======== Recorded information ========
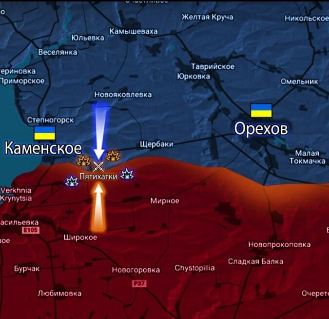 Сегодня идёт ожесточенный бой в Васильевском районе , враг при помощи дополнительных сил штурмует Пятихатки. При поддержке танков и БМП пехота ВСУ несмотря на потери смогла зайти на окраину села, наступая волнами. На западной окраине села ВСУ заняли несколько первых домов. Бойцы 19 дивизии активно контратакуют, уже несколько раз они отбрасывали противника, но новая волна наступления снова смогла зайти на западную окраину Пятихаток. Наши продолжают накрывать врага гаубицами, миномётами , РСЗО и Солнцепёками. Работают танки, работает авиация. Наша пехота , то обороняется, то переходит в контратаку.
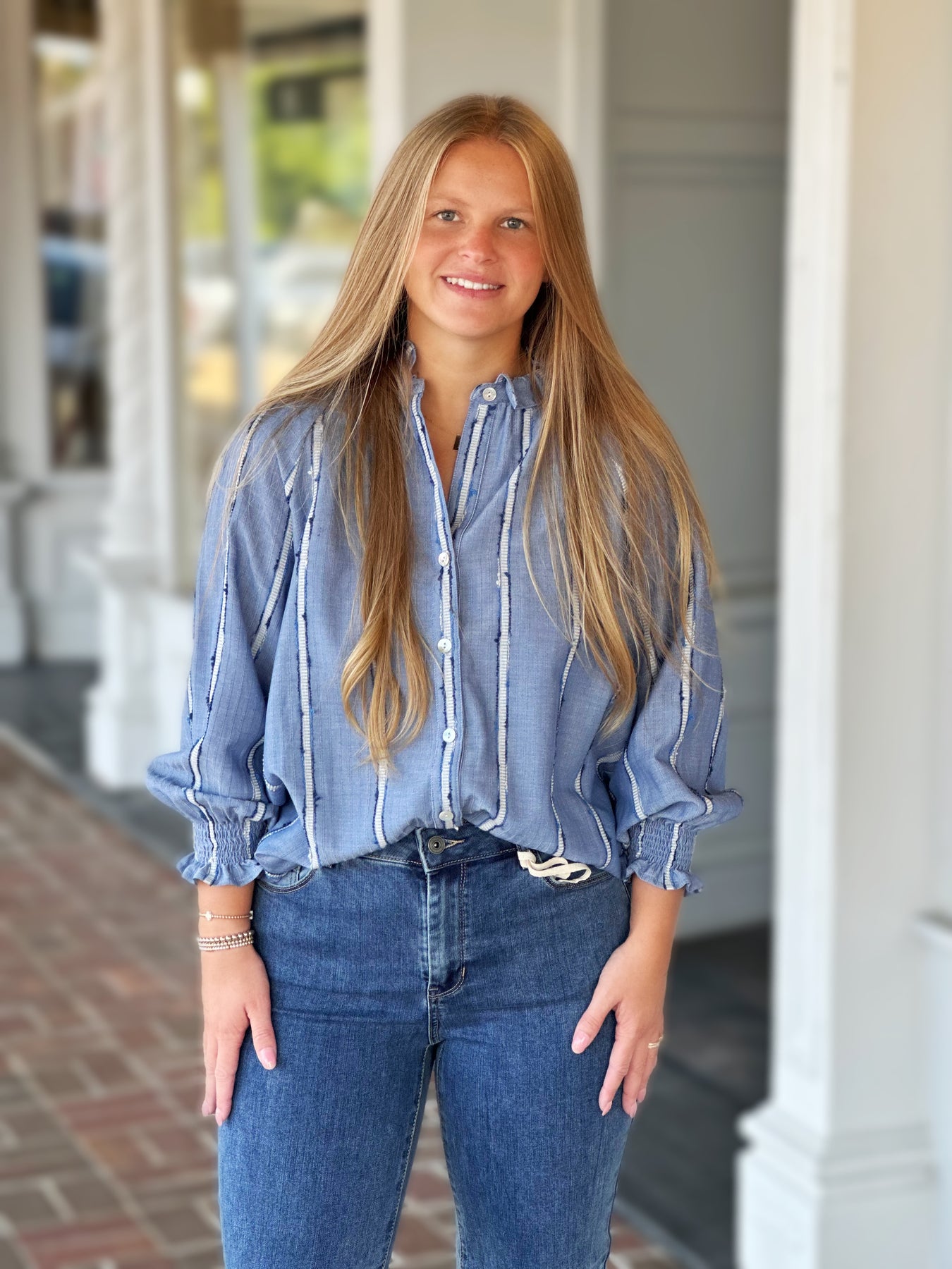 Ruched blue stripe poplin shirt with a ruffle neckline and 3/4 blouson sleeves
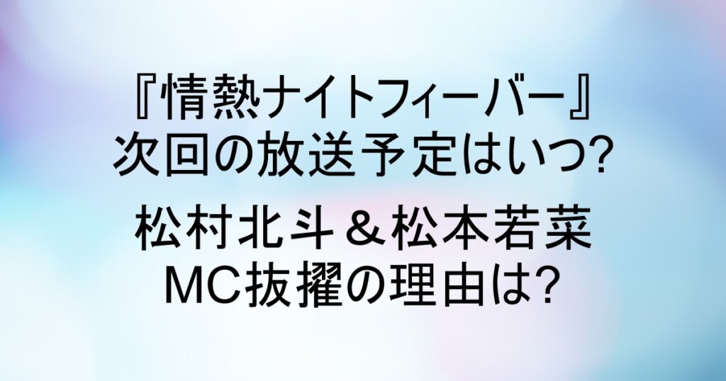 『情熱ナイトフィーバー』次回放送いつ?松村北斗&松本若菜MC抜擢の理由は?
========
Aim of the task: Provide the listing above once more, exactly, with the pictures removed.

Output below:
 Сегодня идёт ожесточенный бой в Васильевском районе , враг при помощи дополнительных сил штурмует Пятихатки. При поддержке танков и БМП пехота ВСУ несмотря на потери смогла зайти на окраину села, наступая волнами. На западной окраине села ВСУ заняли несколько первых домов. Бойцы 19 дивизии активно контратакуют, уже несколько раз они отбрасывали противника, но новая волна наступления снова смогла зайти на западную окраину Пятихаток. Наши продолжают накрывать врага гаубицами, миномётами , РСЗО и Солнцепёками. Работают танки, работает авиация. Наша пехота , то обороняется, то переходит в контратаку.
 Ruched blue stripe poplin shirt with a ruffle neckline and 3/4 blouson sleeves
 『情熱ナイトフィーバー』次回放送いつ?松村北斗&松本若菜MC抜擢の理由は?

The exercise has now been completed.